/---

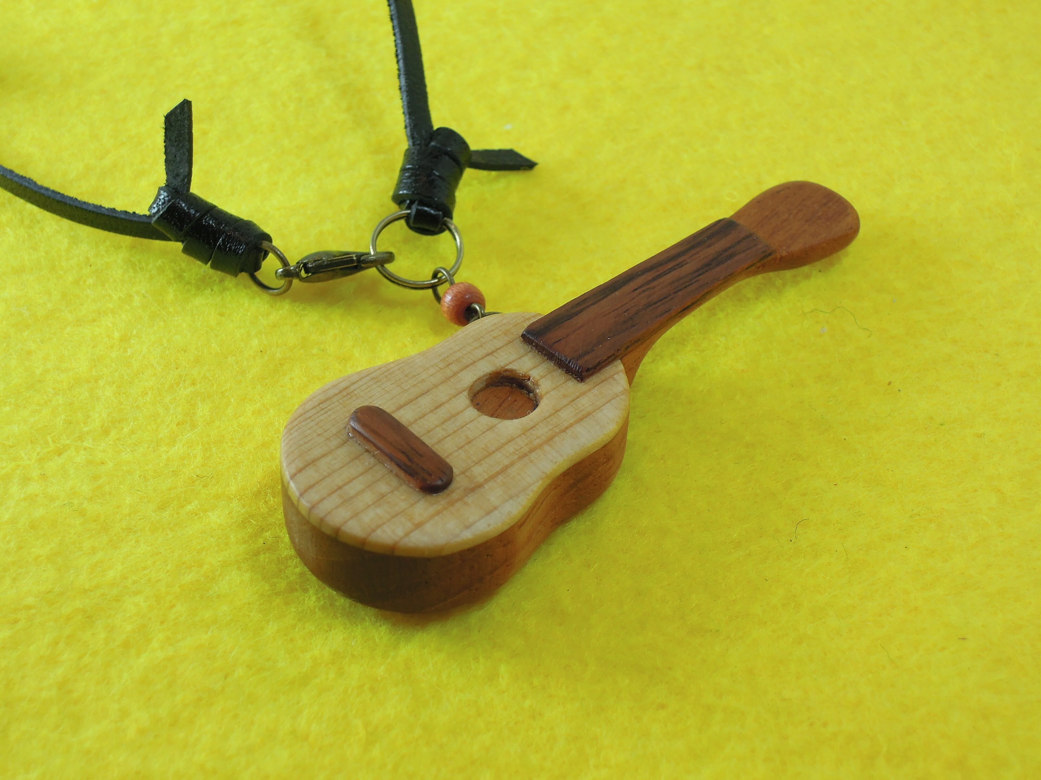 一つ一つ手持ちナイフで削り出して製作しているのですが、このサイズ感に似合わず製作する小物雑貨の中でも1〜2位を争うほど手間と時間がかかります。日常本物の弦楽器を作っているせいか、製作工程・工法にはじまり実際に弾く訳でもないのに各部のフォルムや仕様、手触りなど細かいところが色々気になって余計に手がかかっちゃうんですね。材も実際にウクレレになったものと同じで愛嬌のあるポテっとしたフォルム。ウクレレ好きな方には気に入っていただけるかなと思っております。
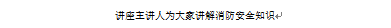 讲座的开展,可以使我们对消防安全相关理论的了解。给予我们关于消防安全相关强化科普、警示教育和提示宣传。通过讲座的方式宣传,对于提高公众的消防安全意识,对提升公众减少火灾危害的知识都有所帮助,还能增强公民在防火安全方面的社会责任。
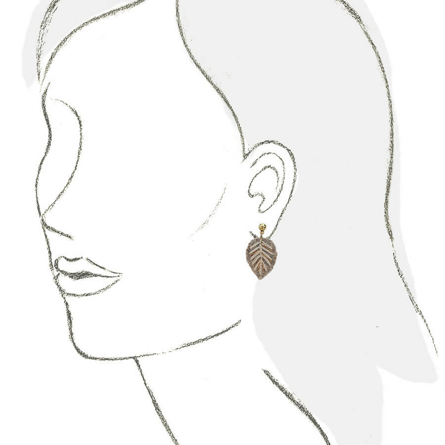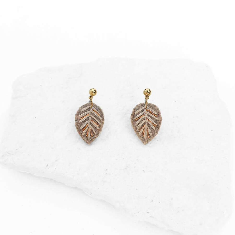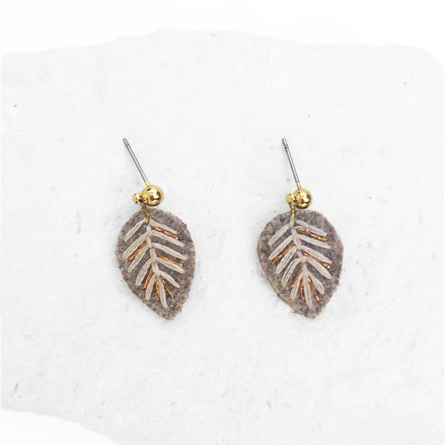 Leaf-shaped earrings, embroidered with beige cotton thread and copper metallic thread on gray natural wool fabric. Gold sheet buckler.
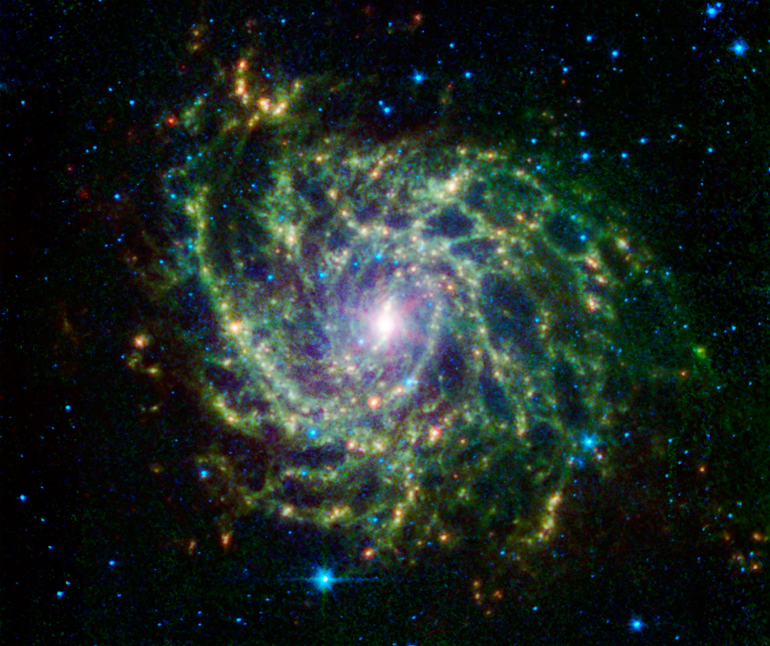 Data from Spitzer's infrared array camera (IRAC) are shown in blue (3.6 and 4.5 microns) and green (5.8 and 8.0 microns), while the multiband imaging photometer (MIPS) observation is red (24 microns).
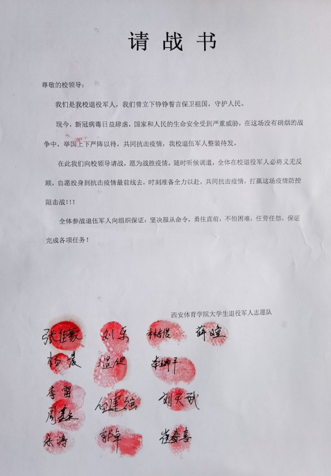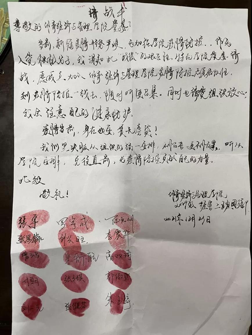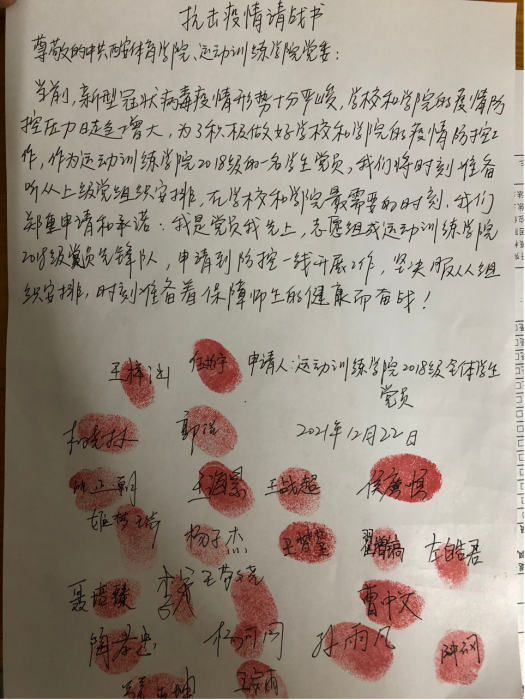 体育经济与管理专业2019级2班的15名入党积极分子向学院党总支递交申请书,15个签名和鲜红的手印格外耀眼,话语铿锵有力,情绪激昂坚定,同学们以最质朴的方式传达出抗击新冠肺炎疫情的热情和决心。
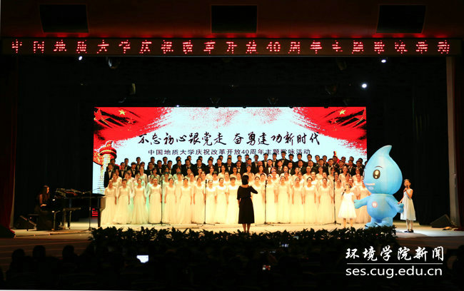 (通讯员:高婷 编辑:王碧 刘芸)2018年12月6日下午,中国地质大学(武汉)“不忘初心跟党走 奋勇建功新时代”庆祝改革开放40周年主题歌咏活动在弘毅堂举行,歌咏活动旨在深入学习贯彻习近平新时代中国特色社会主义思想,以歌声歌颂伟大祖国、庆祝改革开放40周年。全校共20个单位参加比赛。beat365官网“红山雨”师生合唱团参加了合唱比赛。
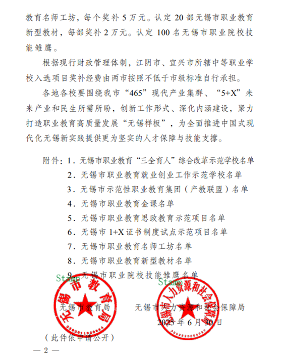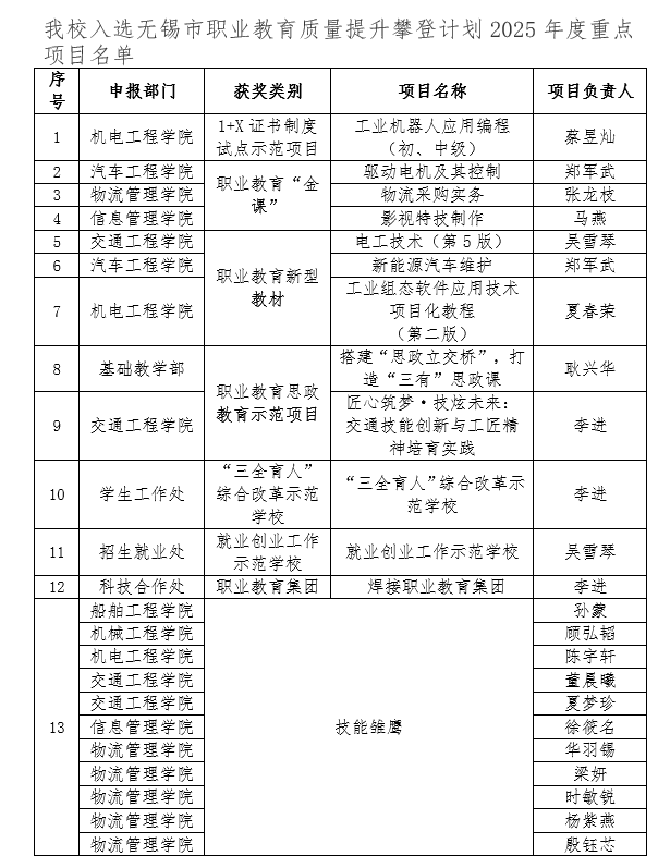 喜报:我校多个项目入选无锡市职业教育质量提升攀登计划2025年度重点项目
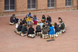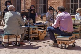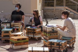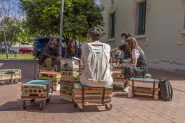 The central element that acts as a trigger for the different encounters is a deployable device/sculpture, consisting of a series of modular structures. These modules are made from discarded or found materials, such as wood, plywood, cork, and plastic, among others. Reassembled and repurposed, they take the form of urban furniture in various forms: chairs, tables, benches, steps, and so on, which are occupied by participants. Experimentation with waste and processes of resignification of materials informed by sociological, anthropological, and/or artistic research are common features of Pimiento and Montesinos' artistic practices, which now converge with the aim of generating a collaborative space for communication and knowledge exchange.
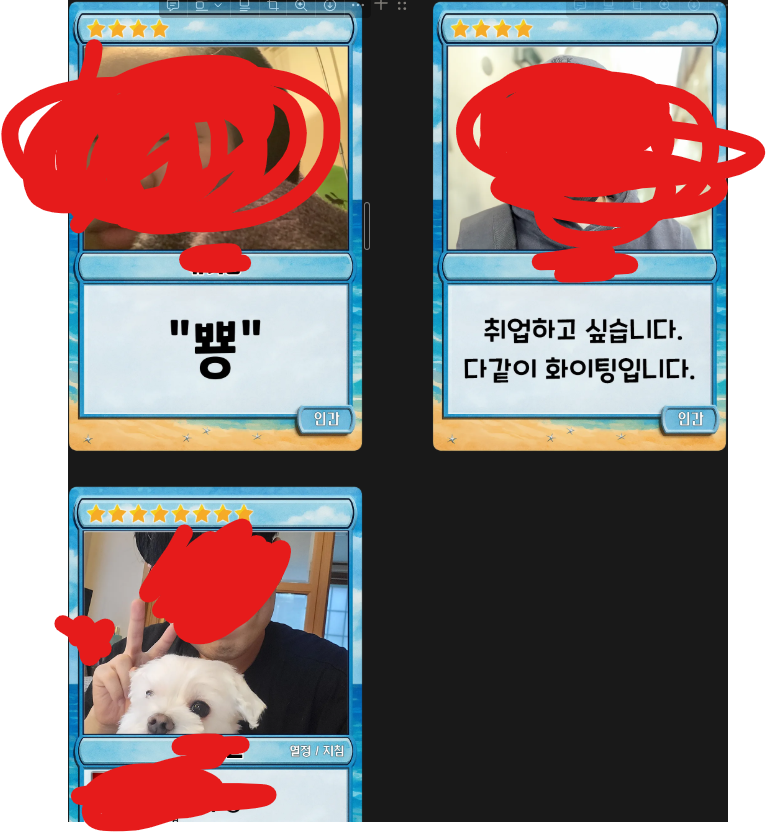 팀원들 카드도 간단하게 만들었습니다.
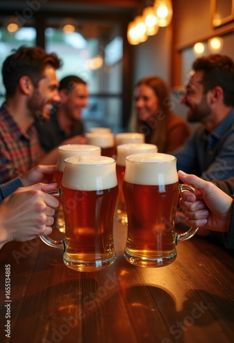 frothy beer mugs rustic pub table lively atmosphere cheerful gathering toasting celebration craft brews foam refreshment cheers, glass, drink, ale, brewery, suds
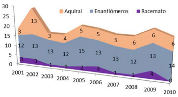 ![]() Figura 3. Distribuição anual dos fármacos aprovados no período 2001-2010, adaptado da ref. 41 (*Incluindo misturas diastereoisoméricas)

\---

▸ Prompt: Quote the lines above exactly, starting with the one that has "体育经济与管理专业2019级" and ending with the one that has "喜报:我校多个项目入选无锡市职业教育质量提升攀登计划2025年度重点项目"; drop the pictures and include nothing else.

▸ Exercise output:
 体育经济与管理专业2019级2班的15名入党积极分子向学院党总支递交申请书,15个签名和鲜红的手印格外耀眼,话语铿锵有力,情绪激昂坚定,同学们以最质朴的方式传达出抗击新冠肺炎疫情的热情和决心。
 (通讯员:高婷 编辑:王碧 刘芸)2018年12月6日下午,中国地质大学(武汉)“不忘初心跟党走 奋勇建功新时代”庆祝改革开放40周年主题歌咏活动在弘毅堂举行,歌咏活动旨在深入学习贯彻习近平新时代中国特色社会主义思想,以歌声歌颂伟大祖国、庆祝改革开放40周年。全校共20个单位参加比赛。beat365官网“红山雨”师生合唱团参加了合唱比赛。
 喜报:我校多个项目入选无锡市职业教育质量提升攀登计划2025年度重点项目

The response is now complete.